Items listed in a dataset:
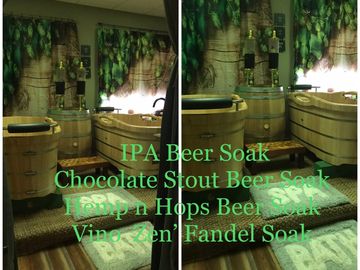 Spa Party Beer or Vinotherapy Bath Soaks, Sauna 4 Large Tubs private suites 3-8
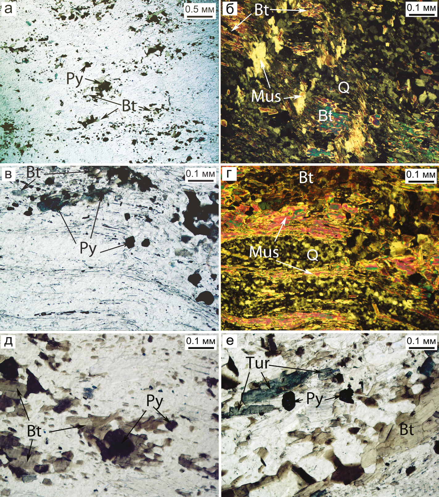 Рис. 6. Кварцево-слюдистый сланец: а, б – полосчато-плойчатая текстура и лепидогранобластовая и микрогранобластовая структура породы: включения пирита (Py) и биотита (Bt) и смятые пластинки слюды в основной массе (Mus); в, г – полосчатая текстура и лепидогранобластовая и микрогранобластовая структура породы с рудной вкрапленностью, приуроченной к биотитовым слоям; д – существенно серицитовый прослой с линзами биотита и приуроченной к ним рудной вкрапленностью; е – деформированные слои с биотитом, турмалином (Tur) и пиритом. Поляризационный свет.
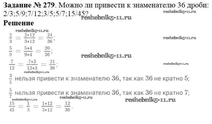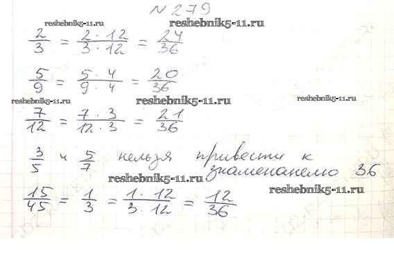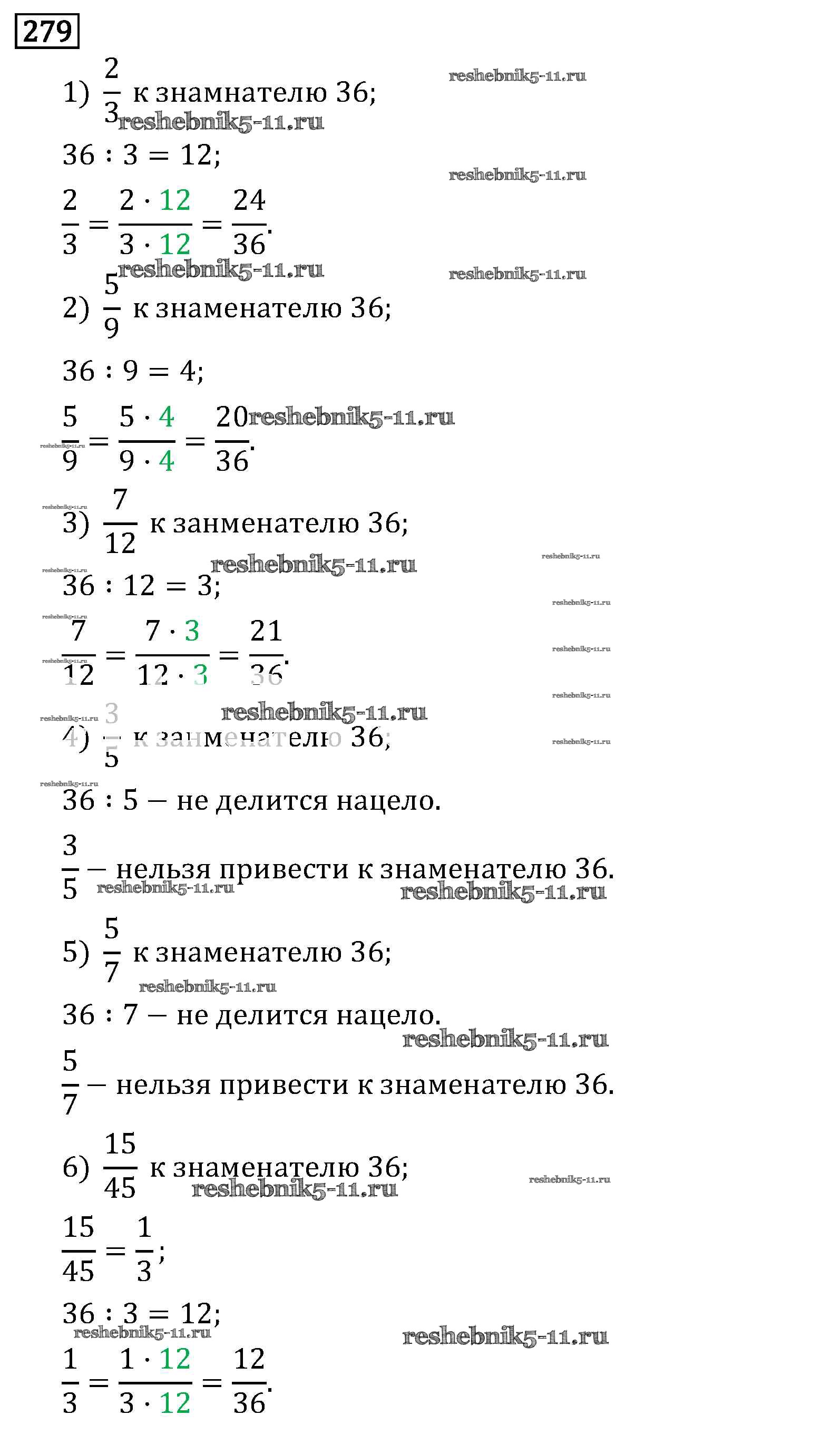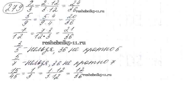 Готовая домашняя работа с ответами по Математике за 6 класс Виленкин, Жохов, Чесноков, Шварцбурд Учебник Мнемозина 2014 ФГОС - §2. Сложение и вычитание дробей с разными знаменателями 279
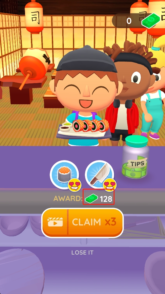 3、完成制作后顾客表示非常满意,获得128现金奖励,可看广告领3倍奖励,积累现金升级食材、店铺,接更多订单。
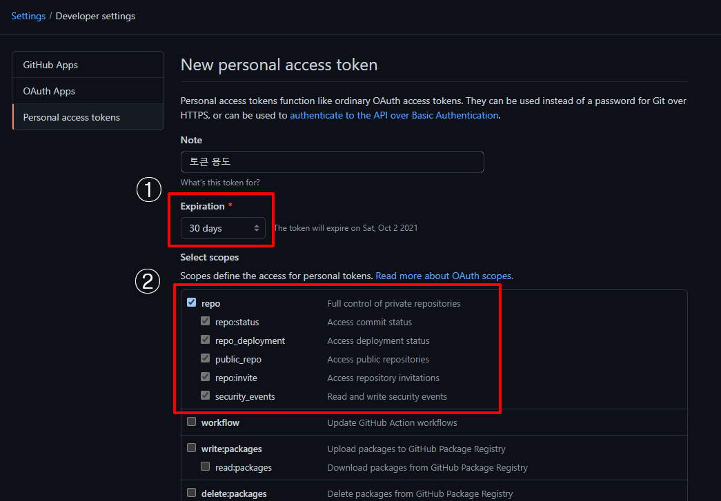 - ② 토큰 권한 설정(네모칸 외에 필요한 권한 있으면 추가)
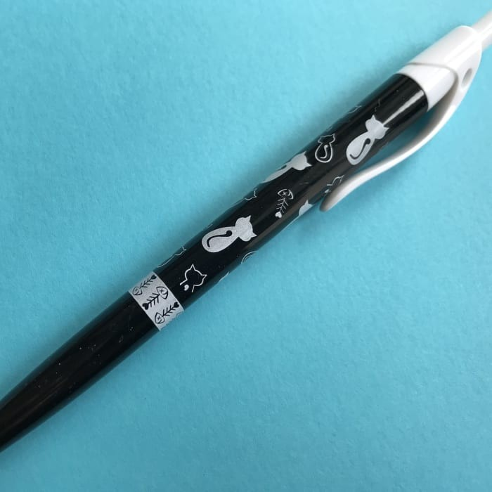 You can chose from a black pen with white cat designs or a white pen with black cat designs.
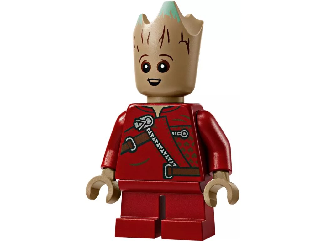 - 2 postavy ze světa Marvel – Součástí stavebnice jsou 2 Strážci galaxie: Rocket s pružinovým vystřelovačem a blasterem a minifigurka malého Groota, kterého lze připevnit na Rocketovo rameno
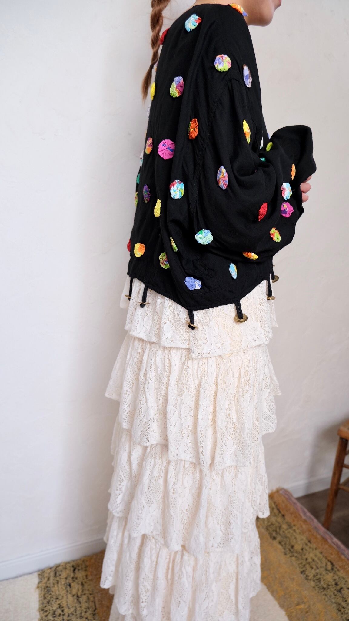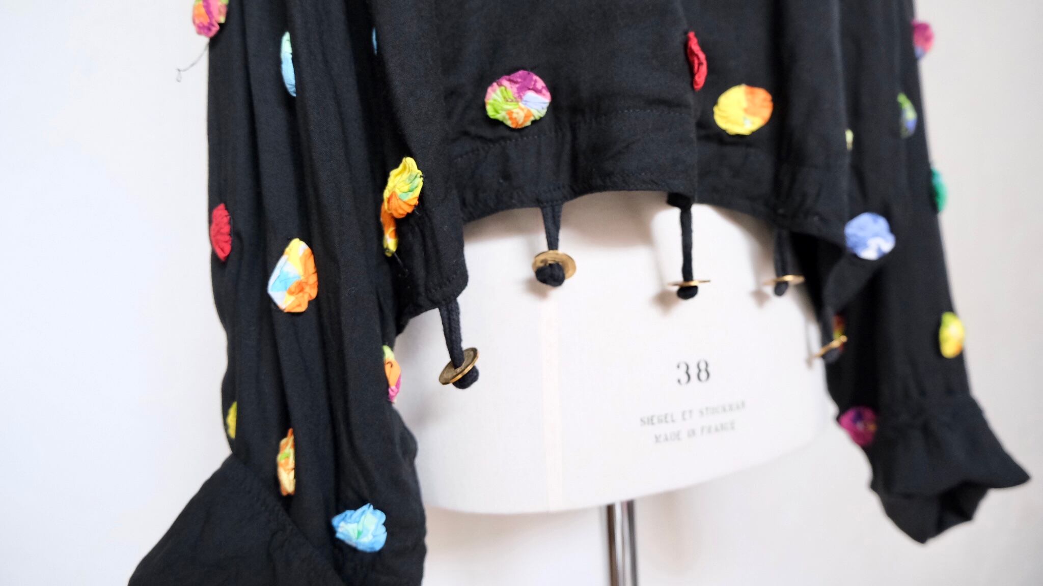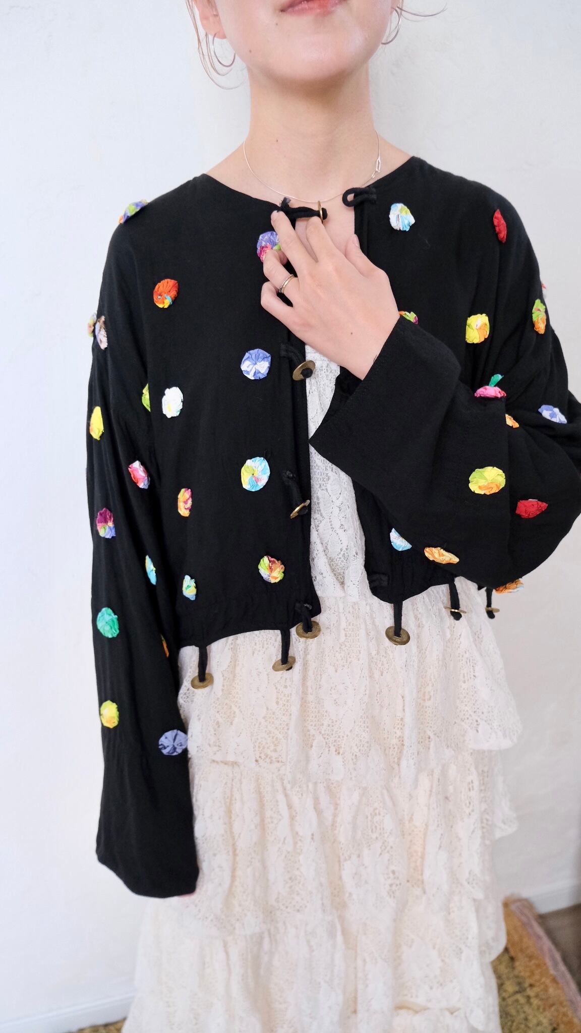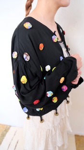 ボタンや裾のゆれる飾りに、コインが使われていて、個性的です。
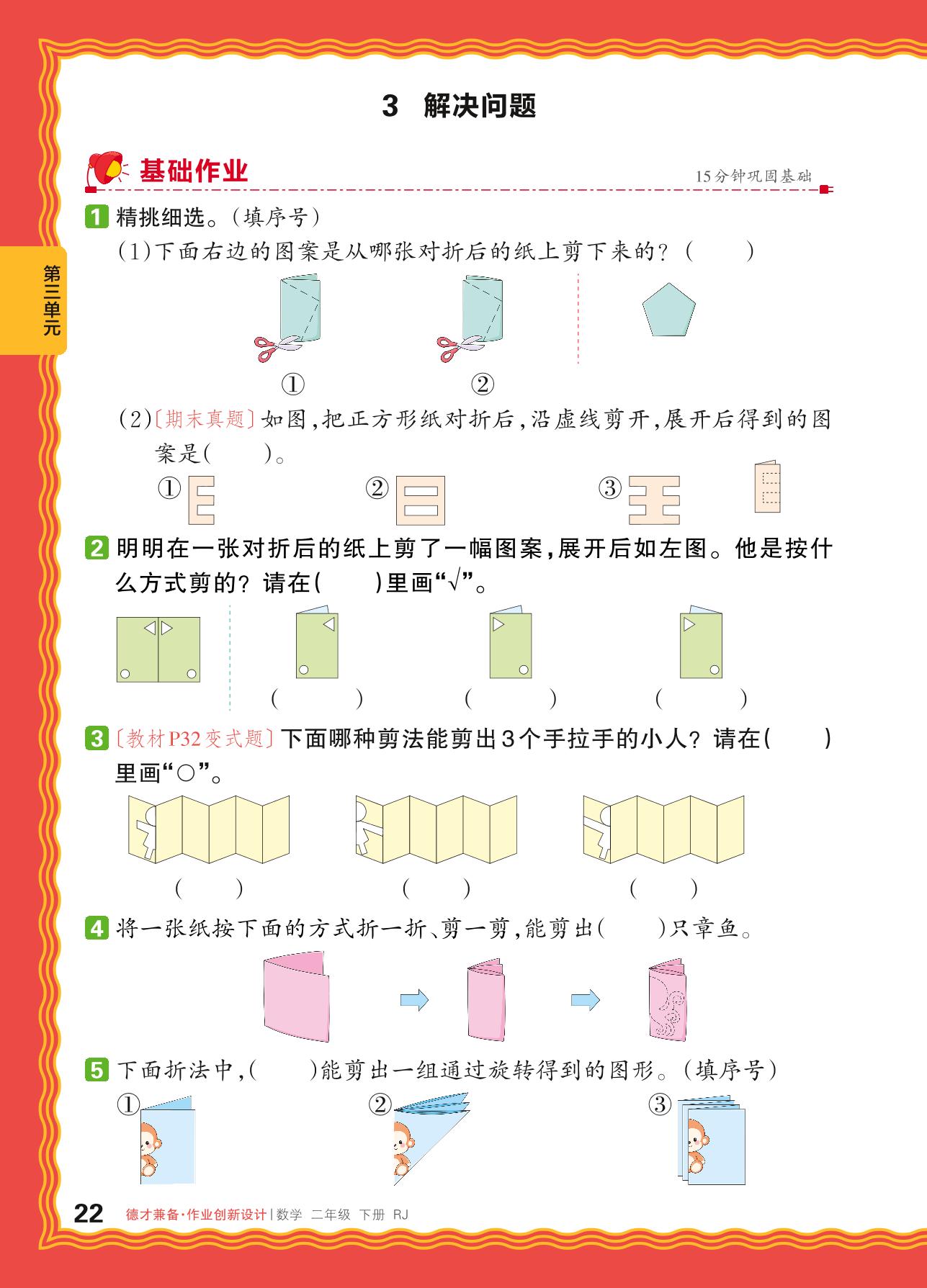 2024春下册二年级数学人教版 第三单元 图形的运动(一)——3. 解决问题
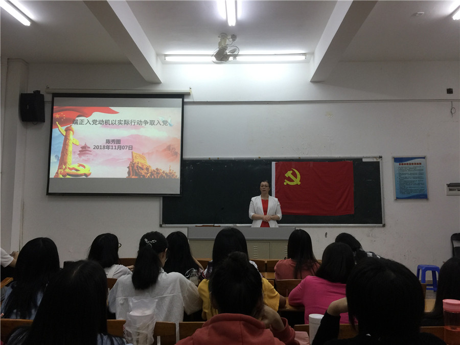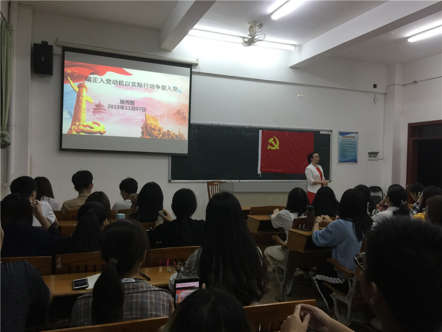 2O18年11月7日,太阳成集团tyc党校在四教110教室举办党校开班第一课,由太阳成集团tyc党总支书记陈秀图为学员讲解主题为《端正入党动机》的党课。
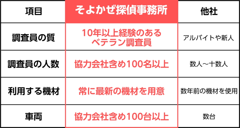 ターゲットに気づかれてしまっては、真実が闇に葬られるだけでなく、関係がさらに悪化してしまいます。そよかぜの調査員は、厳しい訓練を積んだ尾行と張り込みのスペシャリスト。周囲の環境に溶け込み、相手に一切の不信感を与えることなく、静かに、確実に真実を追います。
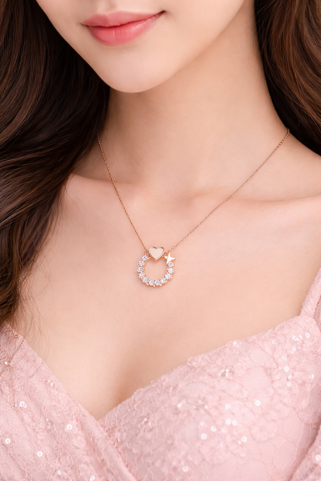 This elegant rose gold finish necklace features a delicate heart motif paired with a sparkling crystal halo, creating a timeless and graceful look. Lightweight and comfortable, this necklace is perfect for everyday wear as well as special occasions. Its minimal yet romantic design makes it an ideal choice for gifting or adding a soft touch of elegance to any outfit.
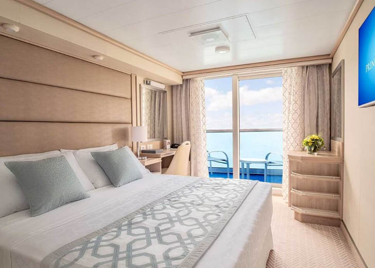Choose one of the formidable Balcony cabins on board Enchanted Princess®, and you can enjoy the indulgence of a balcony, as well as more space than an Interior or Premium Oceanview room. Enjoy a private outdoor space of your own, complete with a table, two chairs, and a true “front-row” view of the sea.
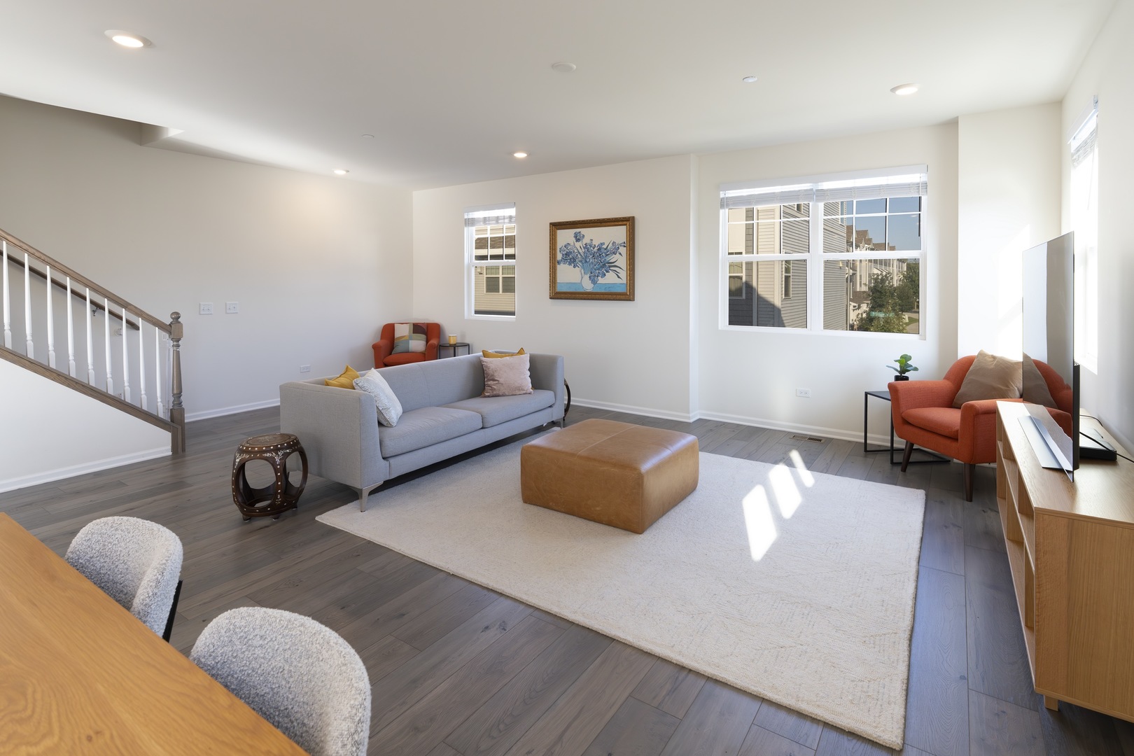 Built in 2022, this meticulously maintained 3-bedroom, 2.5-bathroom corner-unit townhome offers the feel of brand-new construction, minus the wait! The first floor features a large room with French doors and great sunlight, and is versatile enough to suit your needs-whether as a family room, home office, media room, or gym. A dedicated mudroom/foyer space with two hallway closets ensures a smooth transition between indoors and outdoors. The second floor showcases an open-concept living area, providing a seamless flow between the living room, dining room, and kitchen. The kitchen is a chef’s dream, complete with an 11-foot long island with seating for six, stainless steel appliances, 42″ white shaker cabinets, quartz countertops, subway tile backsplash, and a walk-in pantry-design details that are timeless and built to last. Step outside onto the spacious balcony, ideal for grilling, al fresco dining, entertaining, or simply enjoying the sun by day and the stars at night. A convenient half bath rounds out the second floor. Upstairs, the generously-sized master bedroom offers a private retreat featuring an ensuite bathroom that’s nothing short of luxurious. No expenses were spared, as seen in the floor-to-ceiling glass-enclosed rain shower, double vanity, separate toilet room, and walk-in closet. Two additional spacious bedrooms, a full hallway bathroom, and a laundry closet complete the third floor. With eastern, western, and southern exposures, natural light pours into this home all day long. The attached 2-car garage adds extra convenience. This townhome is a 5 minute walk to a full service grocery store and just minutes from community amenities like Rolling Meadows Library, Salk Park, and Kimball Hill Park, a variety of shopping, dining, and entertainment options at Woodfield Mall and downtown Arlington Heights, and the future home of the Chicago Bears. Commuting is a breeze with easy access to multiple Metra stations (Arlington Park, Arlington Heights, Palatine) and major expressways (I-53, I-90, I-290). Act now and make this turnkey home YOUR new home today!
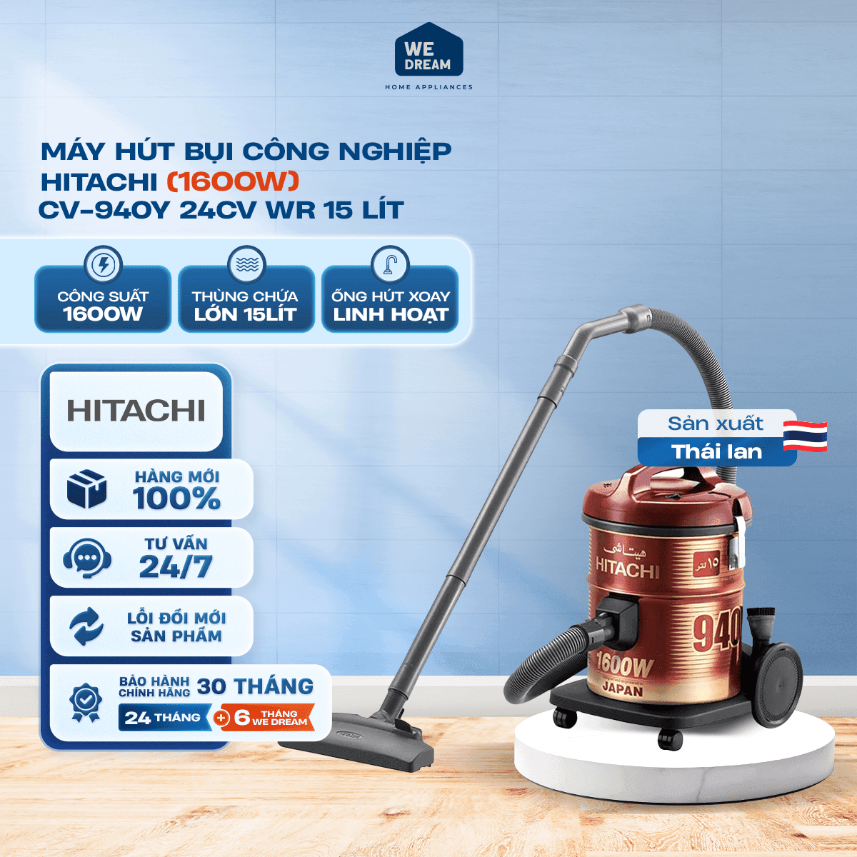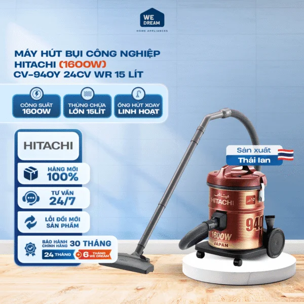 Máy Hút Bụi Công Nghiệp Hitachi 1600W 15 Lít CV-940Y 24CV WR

**Your task**
Both the line above containing "3、完成制作后顾客表示非常满" and the line containing "- 2 postavy" belong in the copy, along with every line between them; print these exactly and omit the pictures.

**Reply to the task**
 3、完成制作后顾客表示非常满意,获得128现金奖励,可看广告领3倍奖励,积累现金升级食材、店铺,接更多订单。
 - ② 토큰 권한 설정(네모칸 외에 필요한 권한 있으면 추가)
 You can chose from a black pen with white cat designs or a white pen with black cat designs.
 - 2 postavy ze světa Marvel – Součástí stavebnice jsou 2 Strážci galaxie: Rocket s pružinovým vystřelovačem a blasterem a minifigurka malého Groota, kterého lze připevnit na Rocketovo rameno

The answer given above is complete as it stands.